Ad-Dawr () is a small agricultural town in Saladin Governorate, Iraq, near Tikrit. It includes a great number of people from 4 tribes, al-Shuwaykhat, al-Mawashet, al-Bu Haydar and al-Bu Mdallal. Al-Mawashet tribe is famous for supporting Saddam Hussein.

History

Structures
Ad-Dawr is home to a housing complex called "Saad 14", which was built in the 1980s by Hyundai Engineering & Construction, a major South Korean construction company.

Iraq War
In May 2003, the 4th Battalion, 42nd Field Artillery, a part of the United States Army's 4th Infantry Division, along with the 534th Signal Company, established a Forward Operating Base just south of the town, called FOB Arrow.
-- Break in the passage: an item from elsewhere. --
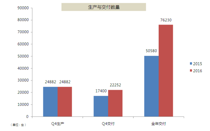 特斯拉第四季度生產(chǎn)了 24882 臺(tái)電動(dòng)車,較上一季度的產(chǎn)量下滑 1% ,較上年同期增長(zhǎng)了 77% 。特斯拉第四季度交付了 22252 臺(tái)電動(dòng)車,較上一季度減少 10% ,較上年同期增長(zhǎng) 27% 。全年交付量為 76230 臺(tái),同比提升 50% 。2016 年三季度,特斯拉在交付量和盈利方面都出現(xiàn)了歷年之最,但四季度隨著自動(dòng)駕駛系統(tǒng)開始在量產(chǎn)車上進(jìn)行安裝搭載,交付量隨之收到影響,也導(dǎo)致全年銷量目標(biāo)未能完成。

On May 15, 2003, troops from the U.S. Army's 4th Infantry Division raided the town, arresting more than 260 suspected Baath Party supporters. 

The vast majority were soon released but five Iraqi special security forces officers were reported captured, including two Iraqi army generals and a general from Saddam's security forces who had disguised himself as a shepherd. 
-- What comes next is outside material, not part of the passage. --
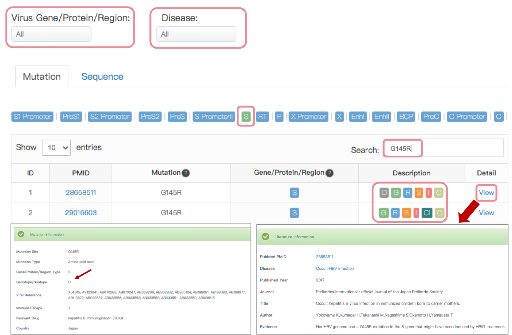 When selecting the virus gene of interest, users can quickly search the keyword of interest in the search box on the top-right of the table. Click the "View" button to show the detail information of this mutation.

On August 13, 2003, a U.S. Army soldier was killed near FOB Arrow when his vehicle hit an anti-tank mine.

An attack near ad-Dawr killed three American soldiers and injured three on September 18, 2003.

The 4th Battalion 42nd Field Artillery, along with 3rd Platoon 534th Signal Company, adopted Nasiba Primary School for Girls in the town and completed its refurbishment in November 2003.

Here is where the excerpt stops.